庆王丝毫不怕忠义侯的酒菜里头有毒,一是他身份在这儿,二是忠义侯不敢,他手里捏着萧锦衣的命门呢。
他要萧锦衣三更死,没人能保得了他到五更。
忠义侯提着酒壶给庆王的空酒盏倒满酒,避而不谈他的问题,反倒是笑着询问,“庆王身边的安先生呢,这次秋猎怎么没见着他?”
庆王意味深长看向忠义侯,也笑,“他一个文人来什么围场,留在京中了,这样我要是有个万一,他还能当一回我的救命符。”
庆王,“萧叔别看他是文人,他家里头的哥哥却是个武将,曾当过将军呢,后来死于萧叔刀刃之下,不知道萧叔对他的兄长可有印象?”
忠义侯曾经为救康王,马上刀下干脆利落的斩杀了敌军将领。
忠义侯就知道。
他就说庆王怎么会无缘无故的容忍安先生至今。
一个春闱时把事情办砸的门客早就该悄无声息处理掉,结果却是庆王身边门客换来换去,但只有安先生最受他重用。

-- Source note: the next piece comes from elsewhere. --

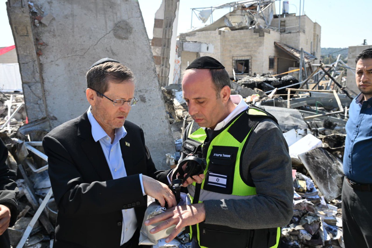 «Это одна из первых синагог в Бейт-Шемеше. Ракета полностью уничтожила синагогу и вошла в убежище, потому что это было прямое попадание ракеты весом в полтонны. Здесь были убиты дети. Девять невинных душ были потеряны. Всю ночь команды мэра собирали их останки и фрагменты. Мы молимся за погибших, мы молимся вместе с семьями и надеемся, что они найдут утешение», — заявил президент.
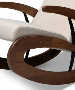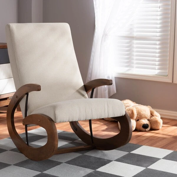 Rock your little one to sleep in style with the Kaira rocking chair. Designed with the utmost comfort in mind, this solid rubberwood chair features a tall back and wide seat filled with high-density foam. Large spiral-shaped rockers provide smooth motion and add bold visual interest to your nursery. A rich walnut finish on the rockers are paired with soft, neutral polyester fabric upholstery for easy coordination with any color palette. The Kaira rocking chair requires assembly.

忠义侯本以为是安先生一心向着庆王足够忠心才被留下,现在回过神来才明白,安先生是庆王用来拿捏他的利刃,逼着他给他当条听话的狗。
忠义侯低头笑,声音温和,“原来殿下知道了这事。”
庆王端着酒盏抿了一口,“你跟姑姑都查的事情,我岂能不闻不问?”
金片以及于念的身世庆王全都查的清清楚楚,他就算知道的晚了些时日那又怎么了。
姑姑知道的早了又如何,她只有物证,真正的人证在自己这儿。
当年忠义侯通敌想要用敌军围困死康王的事情,安先生才是人证,他手里有当年忠义侯通敌的书信。只要将那书信上的笔迹跟金片上的字迹对比,忠义侯全身是嘴也抵赖不得。
他就说嘛,萧锦衣是他姜家人脚边的一条狗。
唯一选择的权力就是认谁当主人。
忠义侯给庆王倒酒,垂眼说话,“既然殿下知道了,还望殿下救我。”
庆王笑着,“救你可以,但要看你听不听话会不会咬人了。”
忠义侯这才开口,“京中来信,女子学堂报名顺利,长公主的势头怕是压不住了。”
庆王还咧开的嘴角僵在原处,酒盏猛地砸在桌面上,瞪向忠义侯,“你不是说——”
忠义侯叹息,“是褚休跟裴景坏了事情,里头还扯上了康王跟京兆尹府。”
他看向庆王,幽幽轻叹,“我是没想到,连京兆尹府的府尹都是长公主手下的人。我因囚禁温筱筱一事已经没了后路,回京后权势被削弱只能任人鱼肉,秋猎之后我怕是帮不了殿下什么了。”
他先说长公主拥了多少,再说庆王即将失去什么。
庆王脸色微变,低声呢喃,“那我拥有的唯一机会,岂不是只有秋猎这次了。”
忠义侯给他重新倒酒,“我愿全力以赴协助殿下,趁此秋猎,除掉长公主。我的把柄握在您手上,您对我还有何不放心的?”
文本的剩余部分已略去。